We don’t have a huge number of subscribers from outlook.com, but I’ve always viewed hotmail.com addresses with some level of suspicion. I can’t say that I’ve had real trouble with them, but I wouldn’t recommend someone use them, since I feel as though they were abused by spammers a lot back in the day, and still take the hit for that with some filters today.

Not to keep beating this horse, but if you go back and carefully read Google’s announcement, you’ll find it is wonderfully full of loopholes and misleading language. I’ll bet my next Mac Pro they are sill happily scanning your email content in a different way for different purposes. And, like Simon, I trust them only slightly more than I trust Zuckerberg to actually keep their word without an “Ooopsie! We promise to do better next time!” Google, like Facebook, can keep getting away with it because, one, people, no matter how angry, have married their workflows to this abusive behavior, and like an abused spouse, keep coming back for more. Two, we don’t have comprehensive privacy laws in the US (yet) and though the EU laws helped us somewhat as an accidental byproduct of the technical challenges of maintaining two levels of privacy laws, until we have genuine, hardcore legislation that attaches criminal liability to breeches of privacy (and simple decency), these companies giving you “free” services will continue to take advantage of you in every manner they can get away with.

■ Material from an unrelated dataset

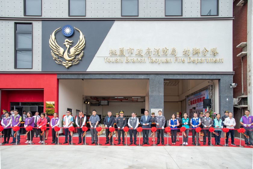 桃園市長鄭文燦8日上午前往楊梅區,出席「桃園市政府消防局幼獅分隊重建工程落成啟用典禮」。鄭市長表示,為提供消防隊員執勤、備勤更好的環境,市府積極推動消防廳舍的更新,今日落成啟用的幼獅分隊廳舍,為升格後第6個落成啟用的消防廳舍,工程總經費為6,010萬元,中央補助4,120萬元,市府補助1,890萬,為4層樓建築,總樓地板面積1,056平方公尺(約320坪),曾榮獲「桃園市政府第四屆公共工程金品獎」佳作及「2020國家卓越建設獎」規劃設計類優等獎項,為桃園五星級的消防廳舍,將大幅提升防災與守護社區安全的能量。

I look forward to seeing Pelosi and company sell us out to the Google/FB/Twitter/et al special interests, by letting them write the coming US privacy legislation next year, just like insurance and pharma wrote the ACA (and this is not just a slam on the Dems; this is a slam on the utter incompetence of our past and current Congress to grasp huge issues, especially those technical). Take another look at DMCA, copyright, and whatever else you like to know that special interests and big corps are going to always win in this country.

I’ve been having the same problems on and off with Discourse. After a few weeks or days of receiving TidBITS emails, I just stop getting them and have to ask to be reinstated. I find it much easier and more convenient to read and reply to TidBITS and Talk in Mail. It just started happening again a few days ago.